* [Your assignment] Copy out the lines beginning with the one that contains "素材の弾力とうま味を楽しめる" and ending with the last line below, exactly as they stand. Pictures are not copied.

* [Data excerpt]
>>>>>

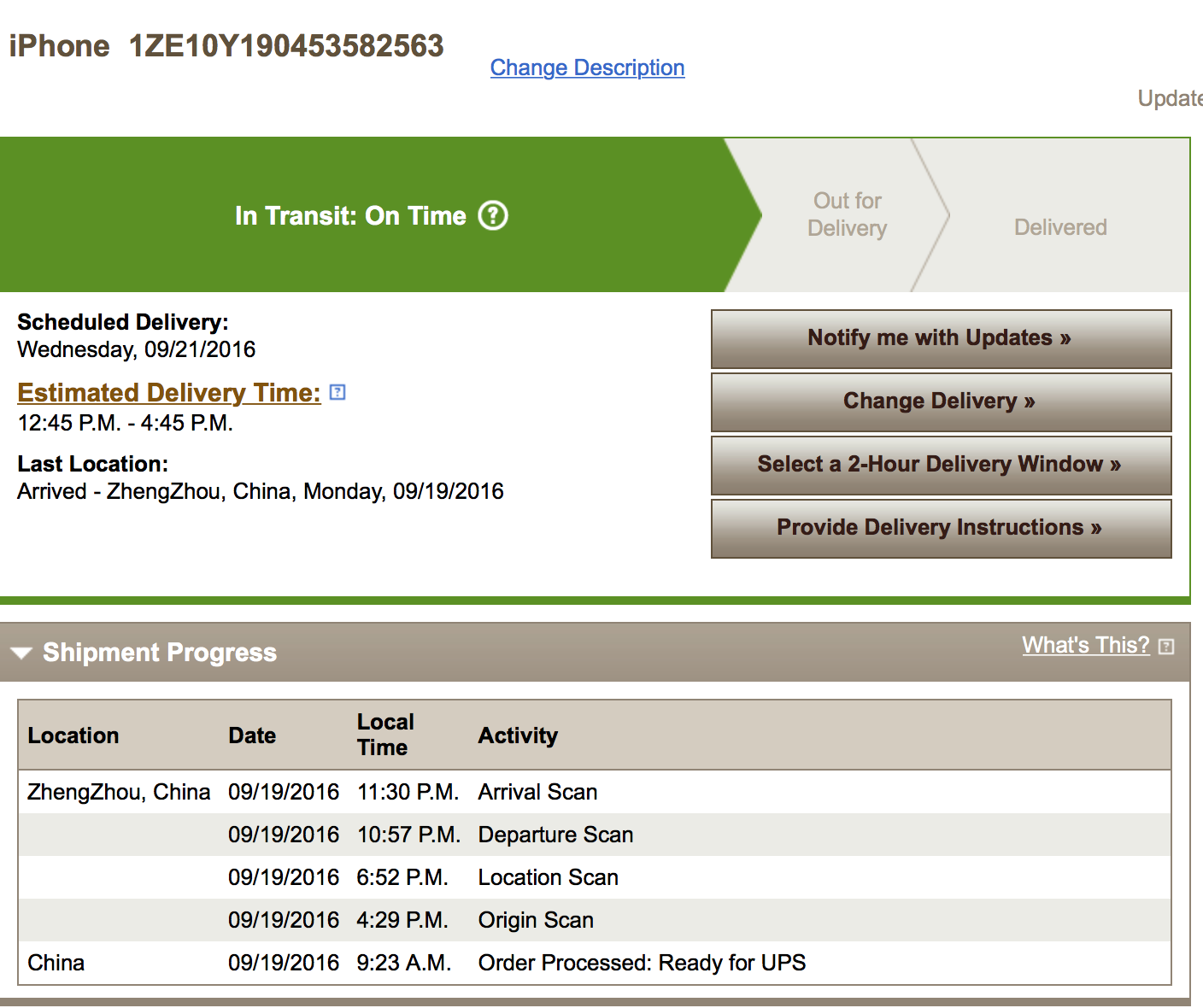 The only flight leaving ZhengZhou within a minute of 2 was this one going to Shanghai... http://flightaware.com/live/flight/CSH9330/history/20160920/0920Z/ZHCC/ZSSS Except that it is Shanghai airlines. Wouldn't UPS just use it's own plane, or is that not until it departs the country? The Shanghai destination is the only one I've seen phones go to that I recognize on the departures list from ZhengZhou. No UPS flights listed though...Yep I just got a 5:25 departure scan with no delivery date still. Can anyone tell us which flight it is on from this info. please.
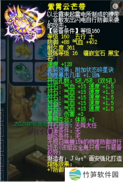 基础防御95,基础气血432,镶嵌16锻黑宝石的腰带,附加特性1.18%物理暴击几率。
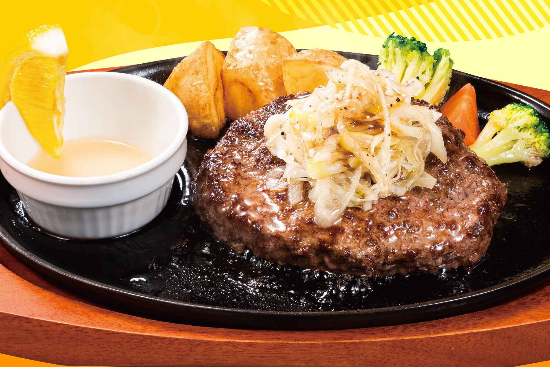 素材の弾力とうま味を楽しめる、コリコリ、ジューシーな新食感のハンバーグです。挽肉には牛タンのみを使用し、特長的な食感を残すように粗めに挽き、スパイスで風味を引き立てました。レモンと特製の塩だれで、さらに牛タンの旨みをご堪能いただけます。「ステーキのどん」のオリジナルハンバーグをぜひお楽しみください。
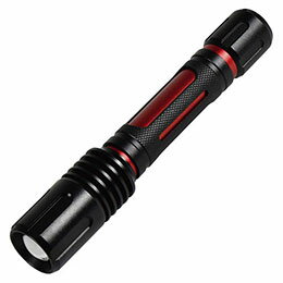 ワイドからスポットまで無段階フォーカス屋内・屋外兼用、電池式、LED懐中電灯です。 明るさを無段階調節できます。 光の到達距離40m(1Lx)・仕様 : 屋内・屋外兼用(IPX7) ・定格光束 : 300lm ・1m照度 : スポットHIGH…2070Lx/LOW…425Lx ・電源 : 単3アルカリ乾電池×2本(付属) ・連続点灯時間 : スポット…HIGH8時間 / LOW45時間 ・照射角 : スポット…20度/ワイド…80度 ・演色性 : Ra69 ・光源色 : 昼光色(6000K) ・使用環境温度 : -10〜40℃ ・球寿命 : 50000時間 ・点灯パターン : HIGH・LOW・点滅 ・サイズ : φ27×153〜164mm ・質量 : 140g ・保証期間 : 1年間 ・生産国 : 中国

<<<<<

* [Answer area]
 素材の弾力とうま味を楽しめる、コリコリ、ジューシーな新食感のハンバーグです。挽肉には牛タンのみを使用し、特長的な食感を残すように粗めに挽き、スパイスで風味を引き立てました。レモンと特製の塩だれで、さらに牛タンの旨みをご堪能いただけます。「ステーキのどん」のオリジナルハンバーグをぜひお楽しみください。
 ワイドからスポットまで無段階フォーカス屋内・屋外兼用、電池式、LED懐中電灯です。 明るさを無段階調節できます。 光の到達距離40m(1Lx)・仕様 : 屋内・屋外兼用(IPX7) ・定格光束 : 300lm ・1m照度 : スポットHIGH…2070Lx/LOW…425Lx ・電源 : 単3アルカリ乾電池×2本(付属) ・連続点灯時間 : スポット…HIGH8時間 / LOW45時間 ・照射角 : スポット…20度/ワイド…80度 ・演色性 : Ra69 ・光源色 : 昼光色(6000K) ・使用環境温度 : -10〜40℃ ・球寿命 : 50000時間 ・点灯パターン : HIGH・LOW・点滅 ・サイズ : φ27×153〜164mm ・質量 : 140g ・保証期間 : 1年間 ・生産国 : 中国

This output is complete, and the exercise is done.